* [EXERCISE INSTRUCTIONS]:
Retype, word for word, the line holding "Seien die Spannungstensor-Komponenten" and each line after it down to the end of the data; pictures are not copied.

Source records
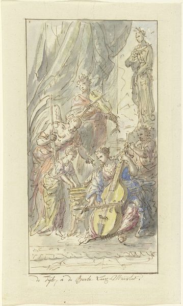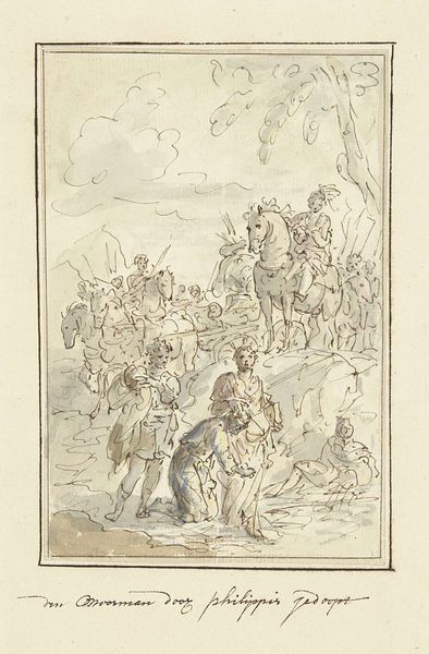 Curator: Here we have Elias van Nijmegen’s “Marcus Curius Dentatus Visited by the Samnites,” a pen and ink drawing from the late 17th to mid-18th century. Editor: It’s a busy composition, full of figures draped in classical robes. The man sitting seems to be the focal point. What do you see in this piece that perhaps I’m missing? Curator: Beyond the immediate narrative, which illustrates Dentatus's incorruptibility, consider the deeper symbolic weight. The Samnites offer him riches, right? What do riches signify across cultures and throughout history? Think of the golden calf, the forbidden fruit… Editor: Temptation? The fleeting nature of worldly goods versus the solidity of character? Curator: Precisely! And note how van Nijmegen positions Dentatus beneath the tree, a classical motif suggesting wisdom and steadfastness. The tree, culturally, symbolizes life, knowledge, and a connection between heaven and earth. Is he elevated, grounded, or both? Editor: Both, it seems. He's offered earthly riches, but he's symbolically rooted in something greater, something timeless. What’s being tilled on the ground? Curator: Ah, there we have a detail rich in symbolism: agricultural work. Curius Dentatus preferred his simple farm life, underscoring Roman ideals of virtue found in labor and a rejection of decadence. He is portrayed in the act of declining their gifts and literally pointing back to his field and daily life. The implication is the strength and fertility of Rome are in the land. Editor: So, it's not just about personal incorruptibility but also about the source of Rome's power and virtue? The symbolism paints a broader picture. Curator: Indeed. Van Nijmegen uses this historical anecdote to comment on values. The drawing reminds us that images aren’t merely representations; they’re vessels carrying cultural memory and ideals. Editor: That makes me see this less as a historical scene and more as a commentary on enduring values. Curator: Exactly. Art invites us to unravel those threads of meaning.
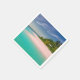 Paper napkins with a beautiful photograph. A scenic tropical beach with aquamarine water and a white sandy beach with a lush forest in the back.
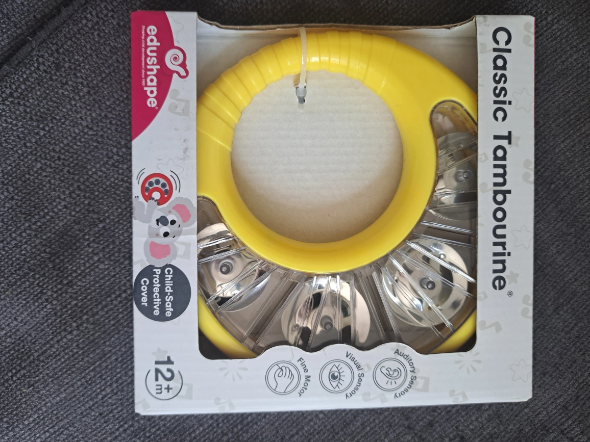 I'm selling a brand new Edushape Classic Tambourine, still in its original packaging! This tambourine is designed with bright colours and quality materials, making it a safe and fun instrument for your little one. It's suitable for ages 12 months and up and helps with visual, auditory, and sensory development. The tambourine is sturdy and safe, so you can feel good about your child playing with it
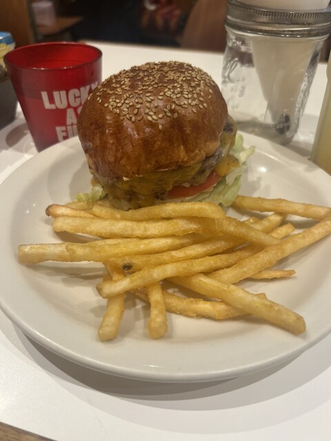 店内はアメリカンダイナー風の装飾に賑やかな音楽がかかっていました。
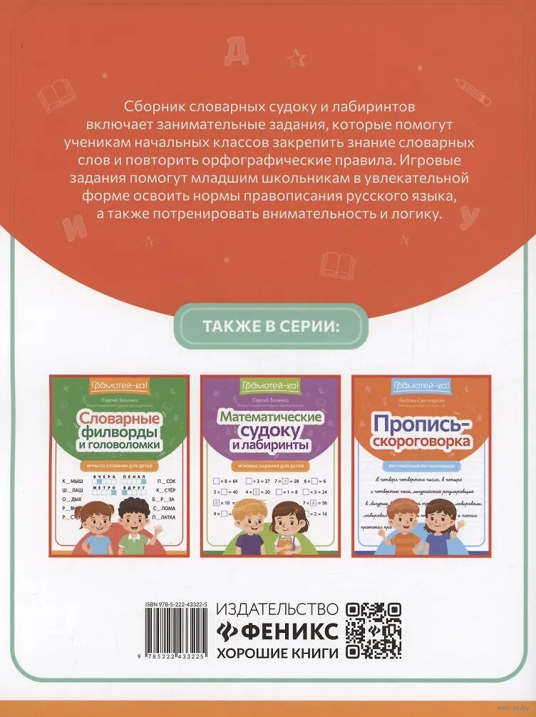 Сборник словарных судоку и лабиринтов включает занимательные задания, которые помогут ученикам начальных классов закрепить знание словарных слов и повторить орфографические правила. Игровые задания помогут младшим школьникам в увлекательной форме освоить нормы правописания русского языка, а также потренировать внимательность и логику.
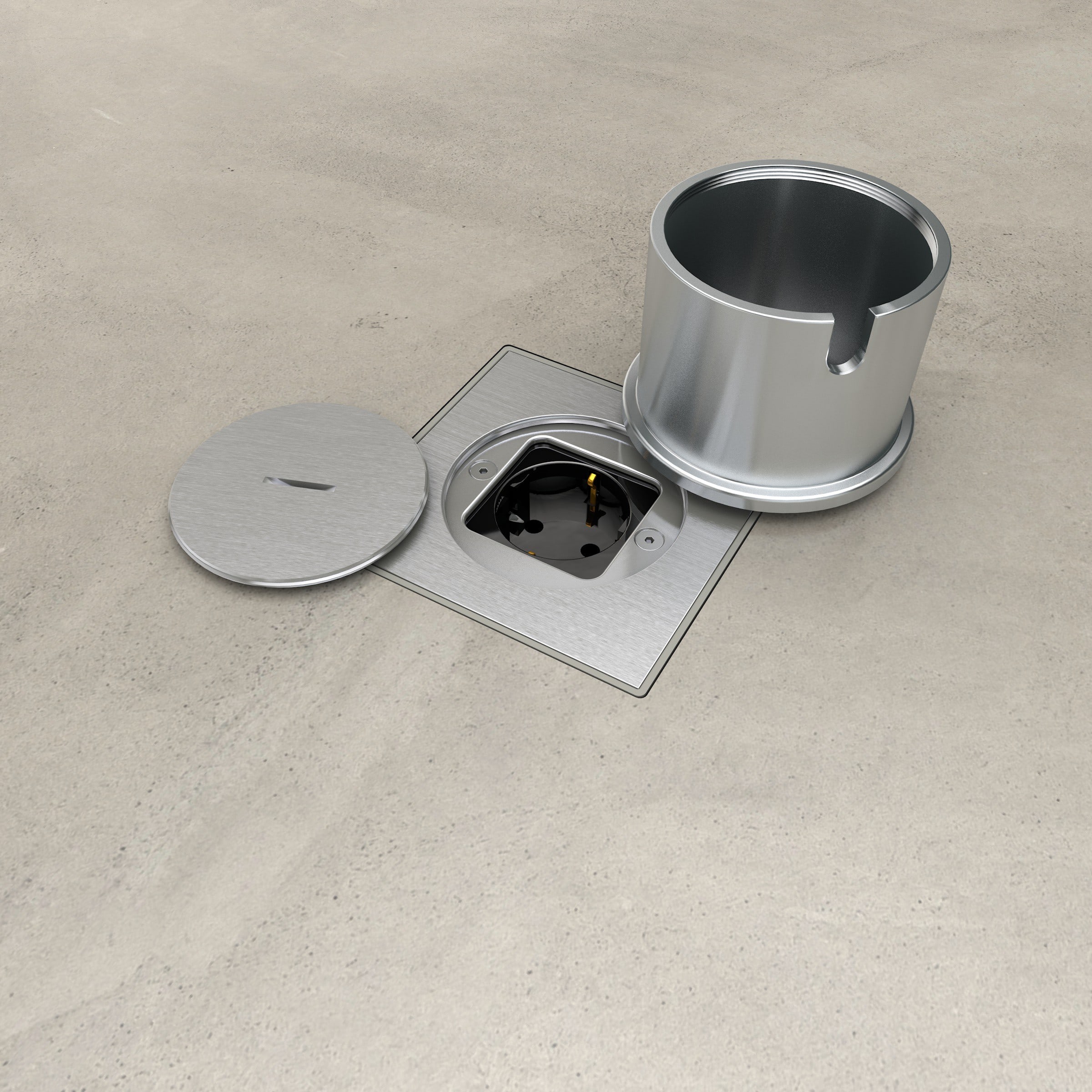 Accessoire pour prise de sol BUBOX - rehausse AQUASTOP Aluminium Champagne naturel. Protection et étanchéité des prises connectées. Fabriqué en Belgique
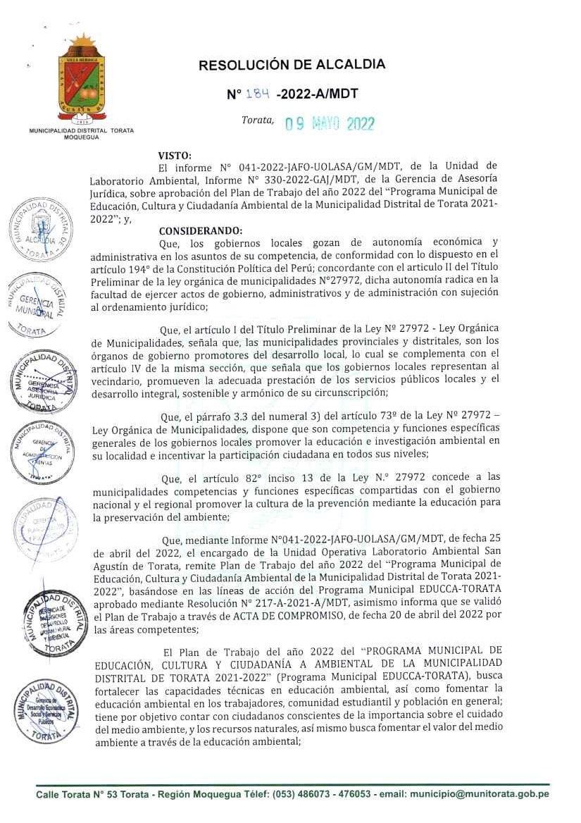 La presente Resolución aprueba el Plan de Trabajo 2022 del Programa Municipal de Educación, Cultura y Ciudadanía Ambiental de la Municipalidad Distrital de Torata, Mariscal Nieto, con la finalidad de definir las actividades de educación, cultura y ciudadanía ambiental que se desarrollarán en la localidad durante el presente año.
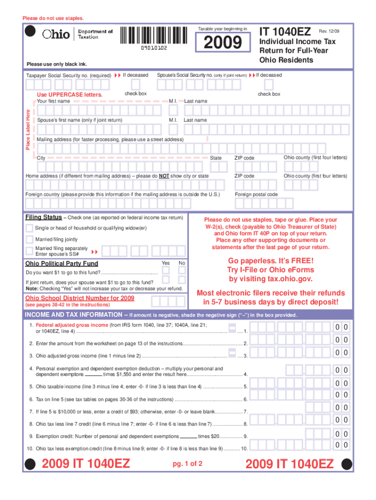 Please do not use staples. Taxable year beginning in200909010102Place Label Hearse UPPERCASE letters. Rev. 12/09Individual Income Tax Return for Full Year Ohio ResidentsPlease use only black ink.
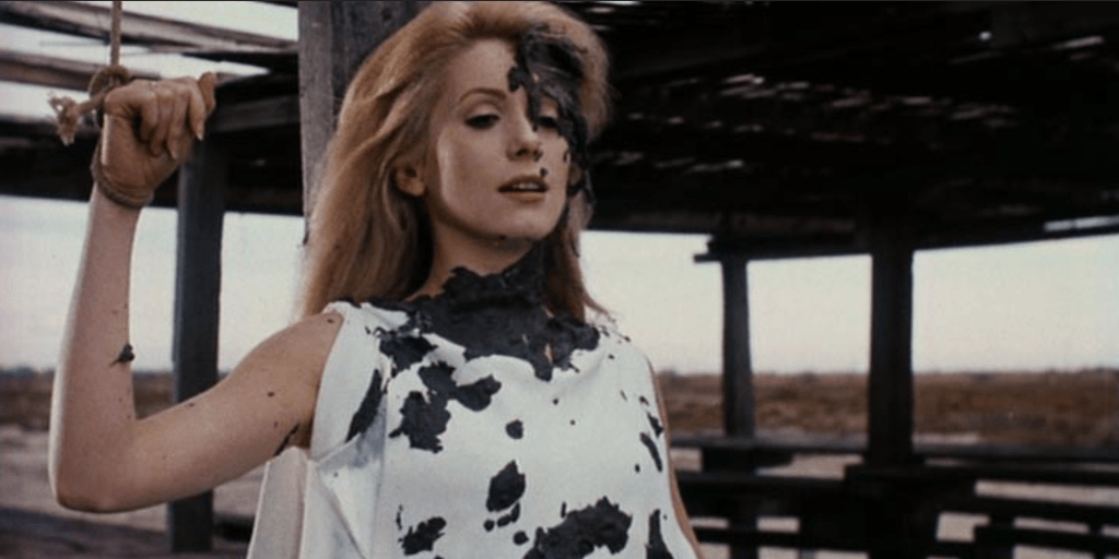 Or perhaps the explosive visions aren’t so explosive after all. Perhaps they’re actually just as anodyne and chilly and washed-out as the rest of the film, and perhaps that’s the point. The text begins with a mock classicist sketch, in which the main couple ride through an autumnal setting in Victorian garb, dressed up in prim and proper bonafides. Suddenly, the moment morphs into a decidedly mechanical account of sexual frustration, an emergent erotic violence that feels like clockwork more than animal id. So much so that the blasé narration intimating that this is some sort of dream or fantasy feels less invasive than natural to the rhythms of the dream. The energy we’re supposed to feel, bare reality erupting through its Victorian cage, feels all the more artificial, all the more part of this cage. This desire to return to history as an escape from the present seems to fit so cleanly into a distinctly modern worldview. It implies that bourgeois modernity, so easily sliding into this repressed history’s fold, is itself part of the frustrated desire that the dream imagines. The 20th century, like the 18th, is a dream that is as repressive as it is liberatory for the film. The banality of it all channels into Catherine Deneuve’s icy, fiendishly interiorized performance, and it renders the bourgeois trappings of modern France decidedly, diabolically artificial, desperately in need of the shock that would come the ensuing calendar year.
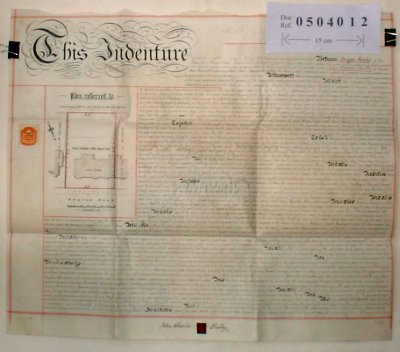 | Parchment : 1 sheet 60cm x 71cm with wax seal, revenue stamp and plan of the property. | |||||||||||
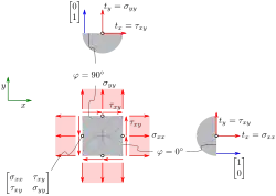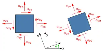 Seien die Spannungstensor-Komponenten bezüglich -Koordinatensystem gegeben. Sei genau ein-Koordinatensystem definiert, das um einen Winkel gegenüber dem -Koordinatensystem gedreht ist, siehe nebenstehendes Bild. Seien weiterhin die Spannungstensor-Komponenten bezogen auf dieses eine -Koordinatensystem gesucht.
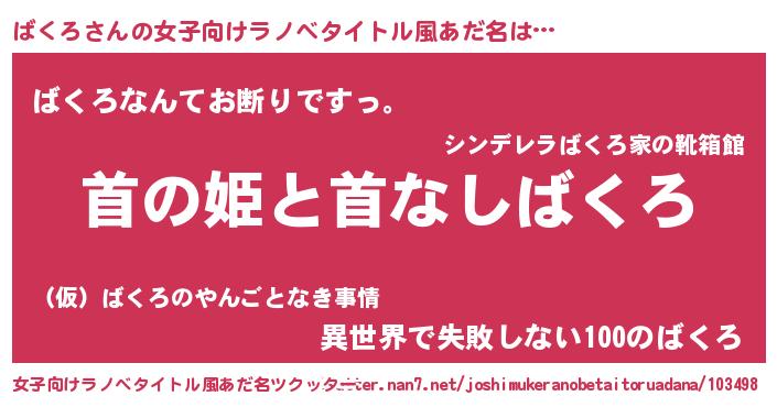| 意味不明あだ名 | 『自称ばくろ』『永久保存ばくろ』 |
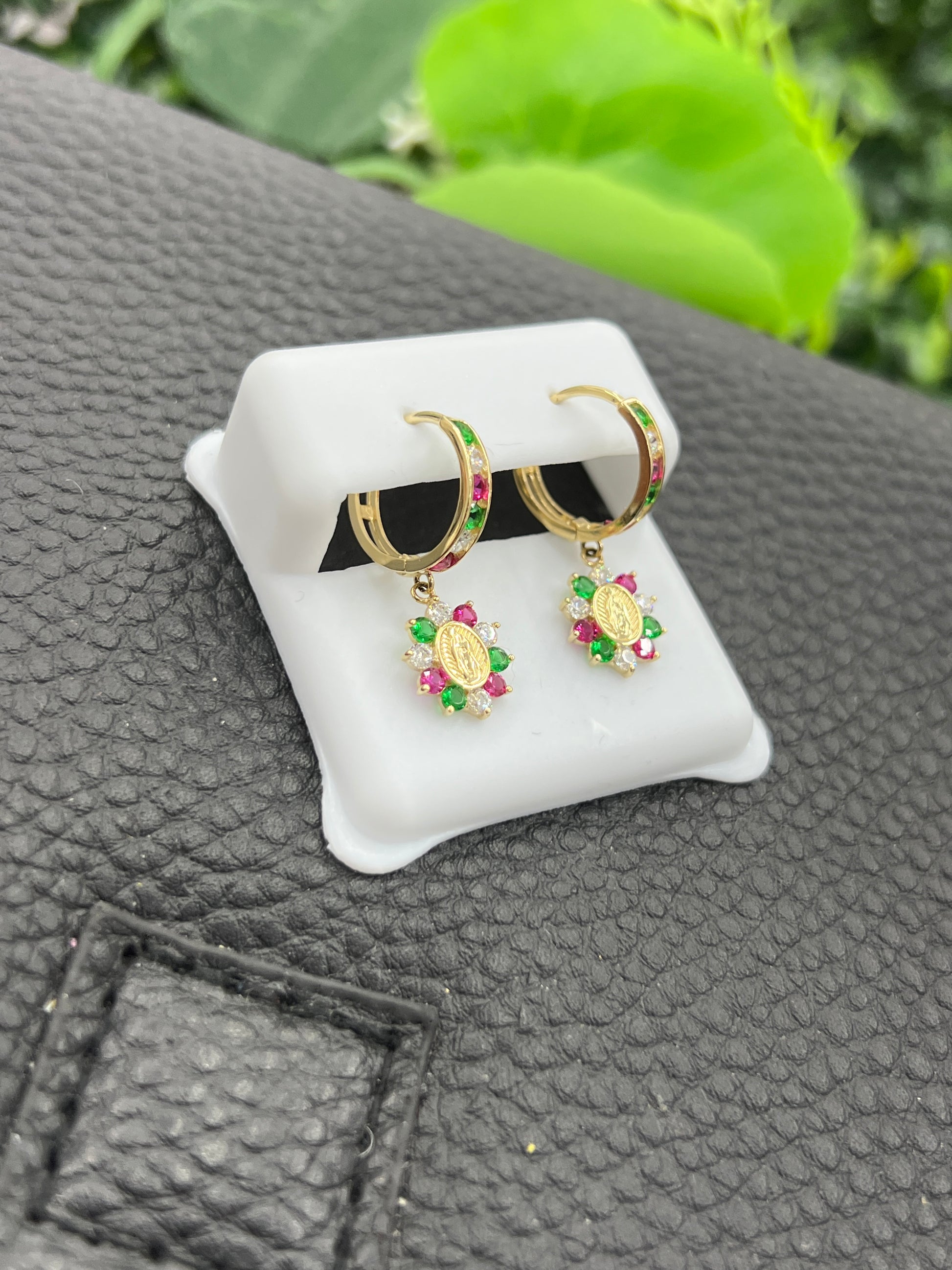 14K Yellow Gold CZ Virgen de Guadalupe Huggies Earrings for Womens Flowers

* [EXERCISE RESPONSE]:
 Seien die Spannungstensor-Komponenten bezüglich -Koordinatensystem gegeben. Sei genau ein-Koordinatensystem definiert, das um einen Winkel gegenüber dem -Koordinatensystem gedreht ist, siehe nebenstehendes Bild. Seien weiterhin die Spannungstensor-Komponenten bezogen auf dieses eine -Koordinatensystem gesucht.
| 意味不明あだ名 | 『自称ばくろ』『永久保存ばくろ』 |
 14K Yellow Gold CZ Virgen de Guadalupe Huggies Earrings for Womens Flowers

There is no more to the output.